Cameron, who lives near London, worked as a restaurant assistant manager before he began making a full-time living as an affiliate marketer.

Like many who join the ranks of the internet entrepreneurs, Cameron had a desire for freedom and to be his own boss.

In 2004 he set up a string of websites marketing online bingo, casino games and gambling sites.

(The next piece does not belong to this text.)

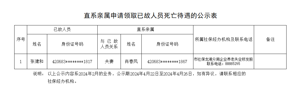 市社保局龙湖分局《直系亲属申请领取已故人员死亡待遇的公示表》(2024.04.22)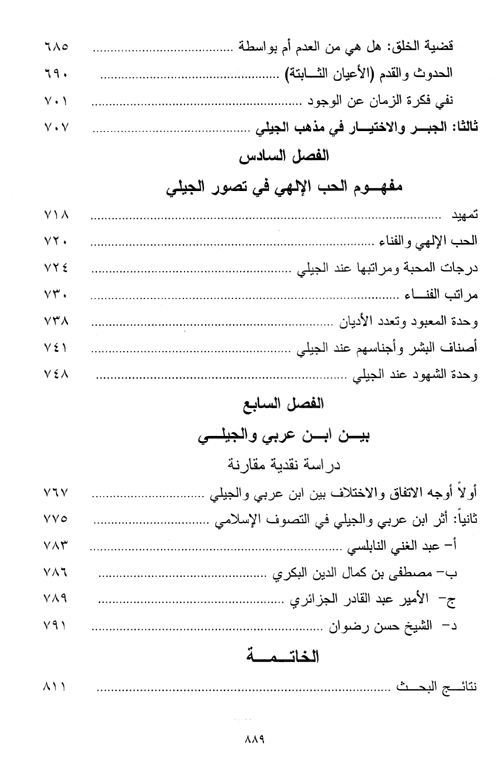 وانتقلت في الفصل السادس إلى الحديث عن فكرة الحب الإلهي عند الجيلي واقتضى ذلك التفرقة بين فكرة الغناء عند المتصوفة، وفكرة الزفانا الهندية وانتهت إلى أن الجيلي يقول بوحدة شهود كنتيجة للحب الإلهي والتجربة الروحية، ويجيء الفصل السابع والأخير وهو بمثابة دراسة نقدية مقارنة بين ابن عربي والجيلي، وأوضحت فيه أثرهما في التصوف الإسلامي وبخاصة عند النابلسي، البكري، والجزائري، وقد افتتحت الباحثة تلك الدراسة بإبراز أهم النتائج التي توصلت إليها مستخدمة في ذلك منهجاً تاريخياً وتحليلياً نقدياً فكرياً. إقرأ المزيد

Cameron admits that before he got started he thought using the internet to make money would be the key to fast wealth and didn’t realize how tough it would be. In fact, he started earning his £30,000+ (about $US47,000+) annual income only in the last six to nine months.

Undeterred by the ethical question mark over gambling, Cameron says he chose the controversial niche because of its earning potential.

“[It was] Money and naivety,” he said.

“The money is obvious, there is loads to be made from bingo/casino, and the naivety bit was thinking it would be easy! It isn’t!”

CameronDiamond.jpgCameron (pictured, RIGHT) says when he first decided to try affiliate marketing he was a total newcomer to making money online – he knew how to work a computer but didn’t have any skills in web design, programming or digital image editing and creation.

While the customer service skills he developed working in the hospitality industry gave him strong communication skills that could be called upon when dealing with advertisers and online gambling companies, he had to learn about developing websites and traffic generation from the ground up. His skills in programming, marketing and traffic building are entirely self taught.

While he chose not to reveal his traffic figures, Cameron said his sites get enough “quality” traffic for him to make a living. And in terms of traffic generation, he believes diversity is best – his traffic generation efforts focus very little on Google, with more emphasis on email list building, social media and the use of other search engines.

In fact, he said Google is a sore point with him.

“I hardly rely on them at all,” he said.

“Sure Google is great for traffic, but what happens if they change their search algorithms or even go under?”

While some would take issue with what he does, Cameron doesn’t have any ethical or moral issues with promoting gambling.

“It’s a lifestyle choice people make, not something that is forced upon anyone, and I think in life people should be able to make their own mind up on things,” he said.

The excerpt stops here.